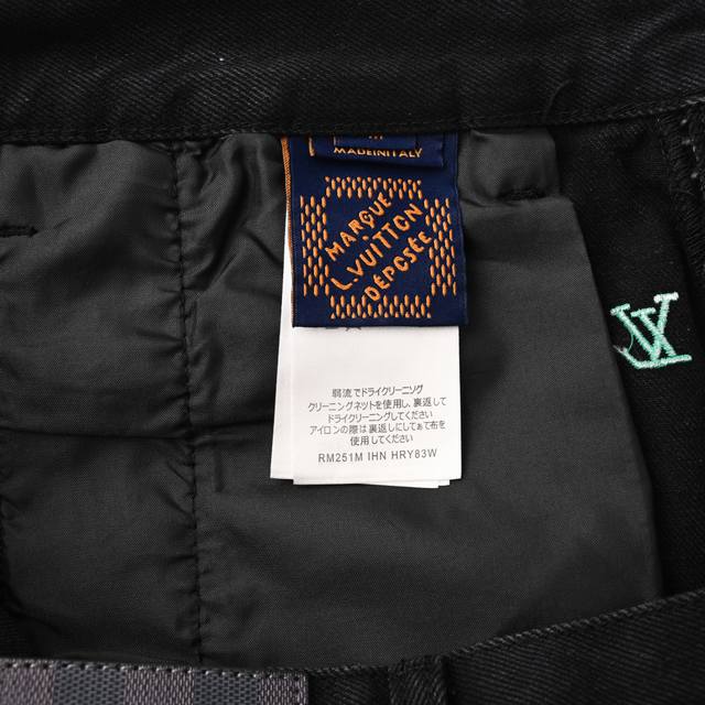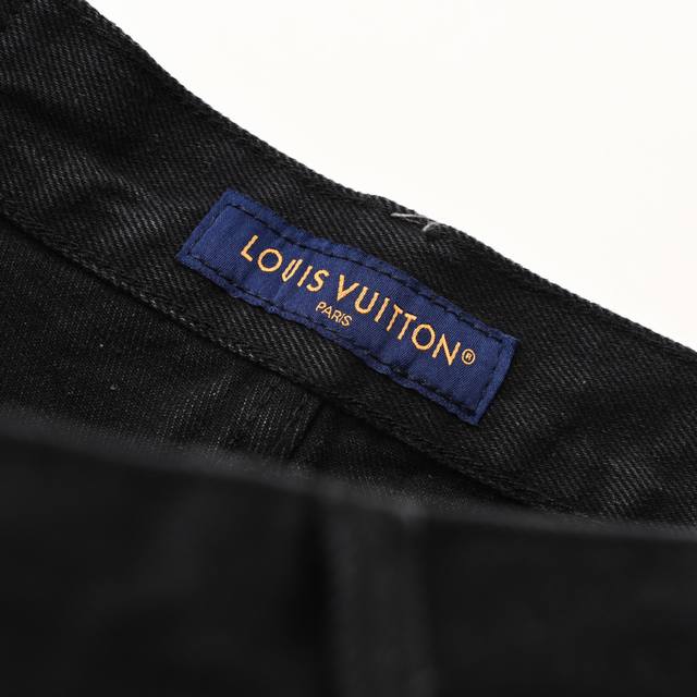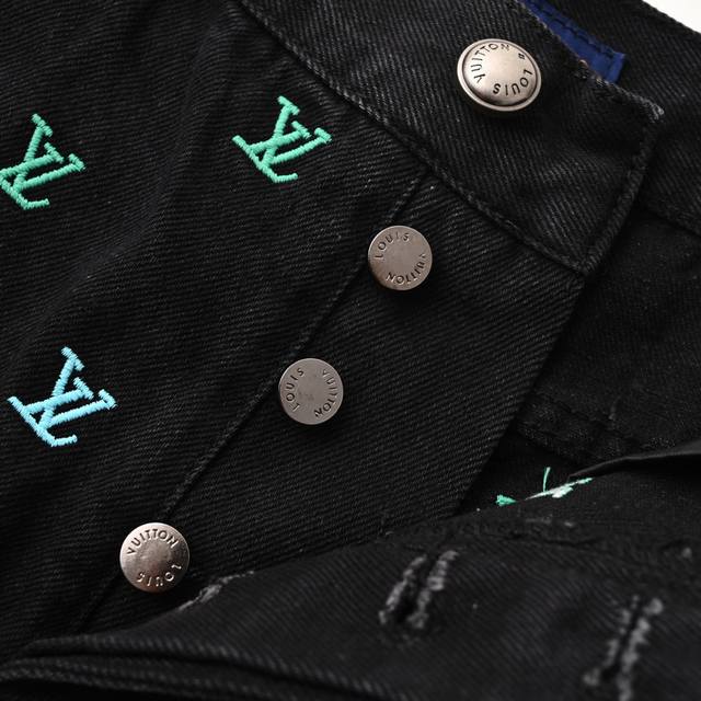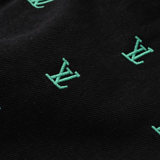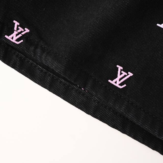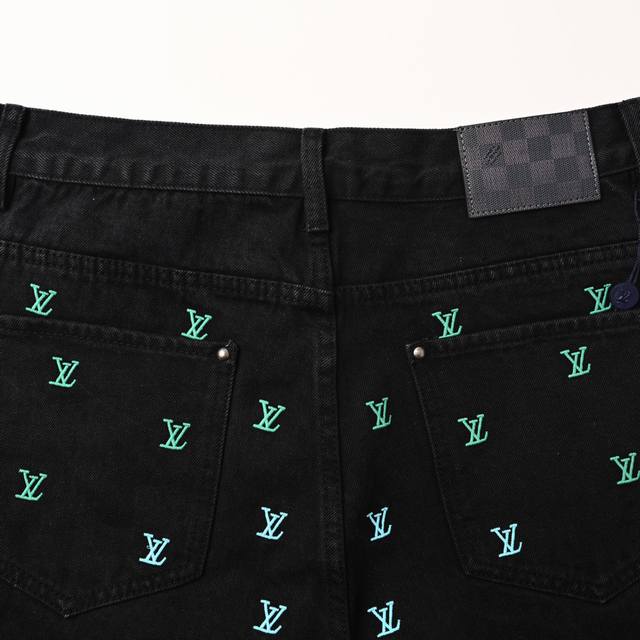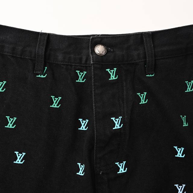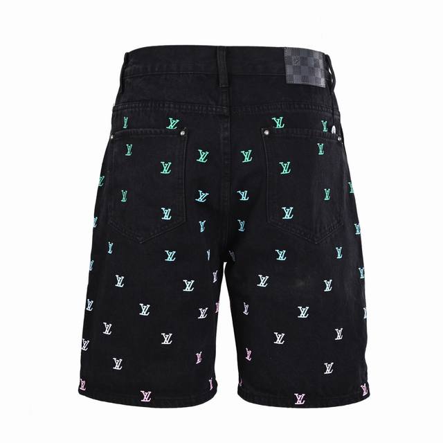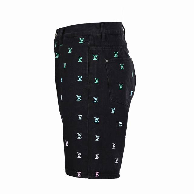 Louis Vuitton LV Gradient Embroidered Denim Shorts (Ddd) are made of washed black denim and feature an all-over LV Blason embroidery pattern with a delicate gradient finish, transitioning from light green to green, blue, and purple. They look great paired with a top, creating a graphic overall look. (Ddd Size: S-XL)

++++++++

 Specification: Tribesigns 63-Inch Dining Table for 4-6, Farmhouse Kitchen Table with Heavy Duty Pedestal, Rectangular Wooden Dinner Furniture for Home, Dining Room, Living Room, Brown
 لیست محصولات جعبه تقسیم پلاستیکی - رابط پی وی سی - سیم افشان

++++++++

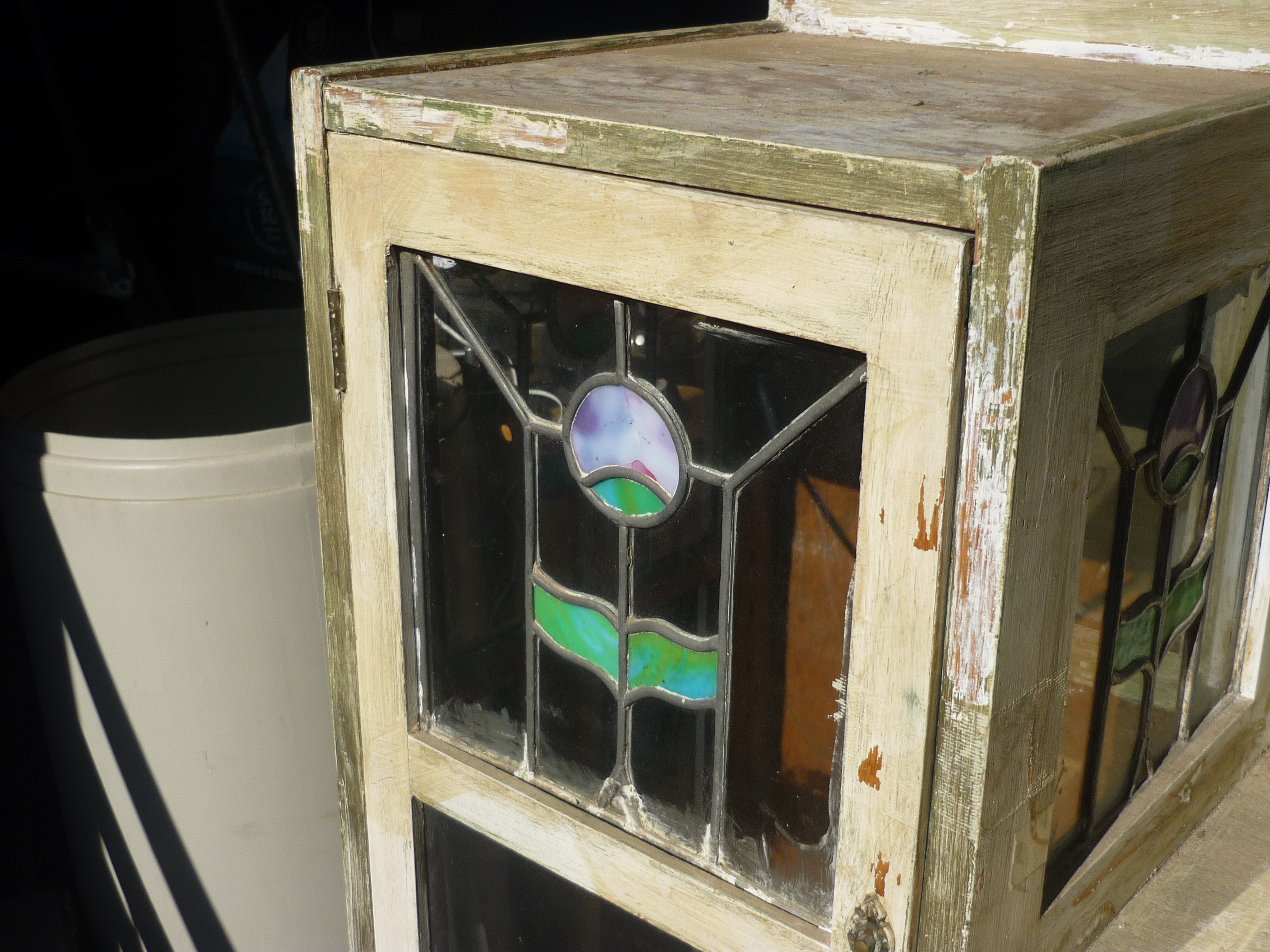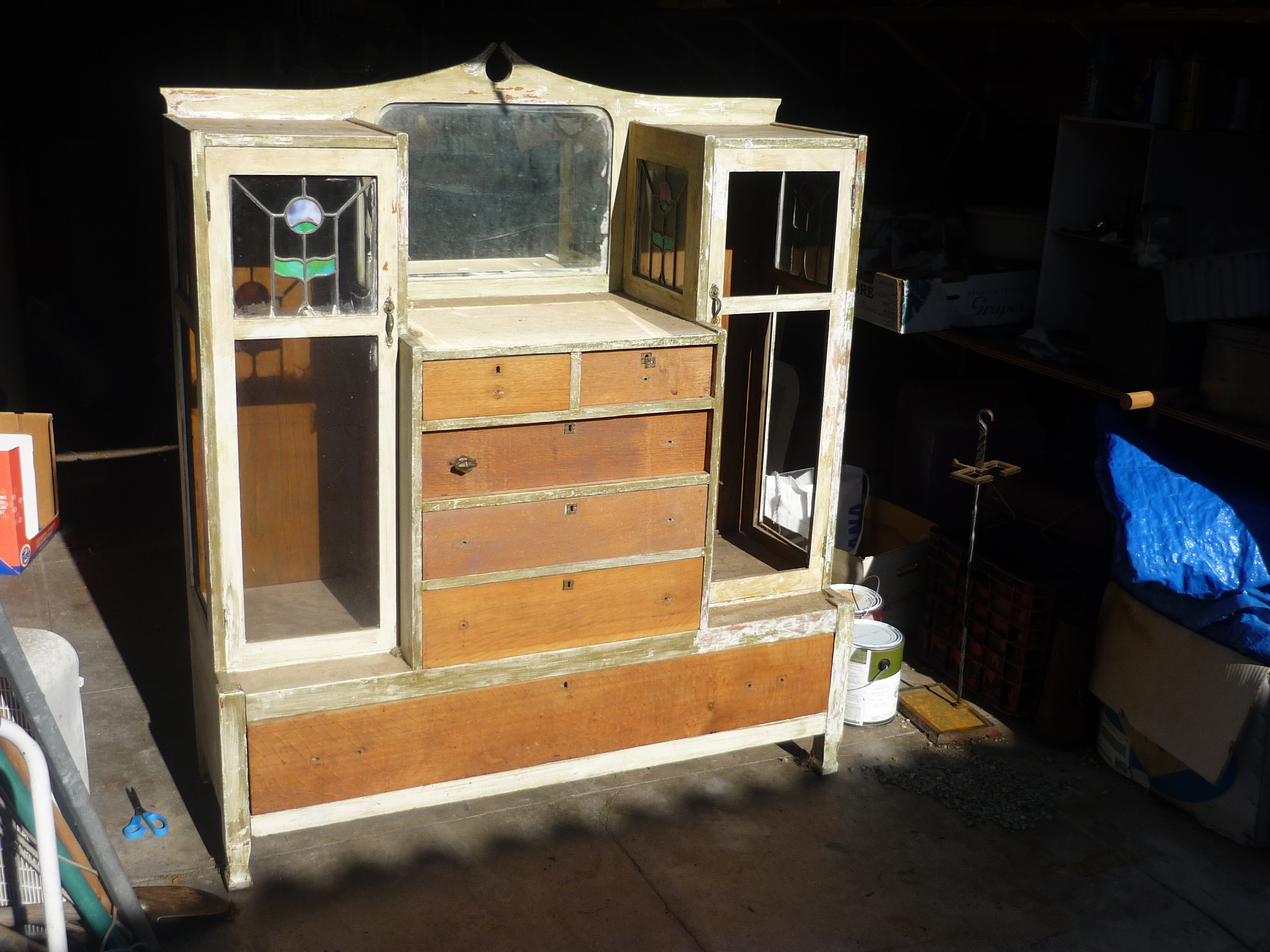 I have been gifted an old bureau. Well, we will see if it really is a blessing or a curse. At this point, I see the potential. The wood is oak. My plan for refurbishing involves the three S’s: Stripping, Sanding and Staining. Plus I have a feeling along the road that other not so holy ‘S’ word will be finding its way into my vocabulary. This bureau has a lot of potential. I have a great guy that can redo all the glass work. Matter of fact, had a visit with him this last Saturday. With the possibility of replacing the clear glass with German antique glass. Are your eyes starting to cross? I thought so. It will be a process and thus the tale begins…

++++++++

## To do:
Please output the lines of the listing above that fall in the stretch from the one with "Specification: Tribesigns 63-Inch" through the one with "لیست محصولات جعبه", exactly and only those.

## Response below:
 Specification: Tribesigns 63-Inch Dining Table for 4-6, Farmhouse Kitchen Table with Heavy Duty Pedestal, Rectangular Wooden Dinner Furniture for Home, Dining Room, Living Room, Brown
 لیست محصولات جعبه تقسیم پلاستیکی - رابط پی وی سی - سیم افشان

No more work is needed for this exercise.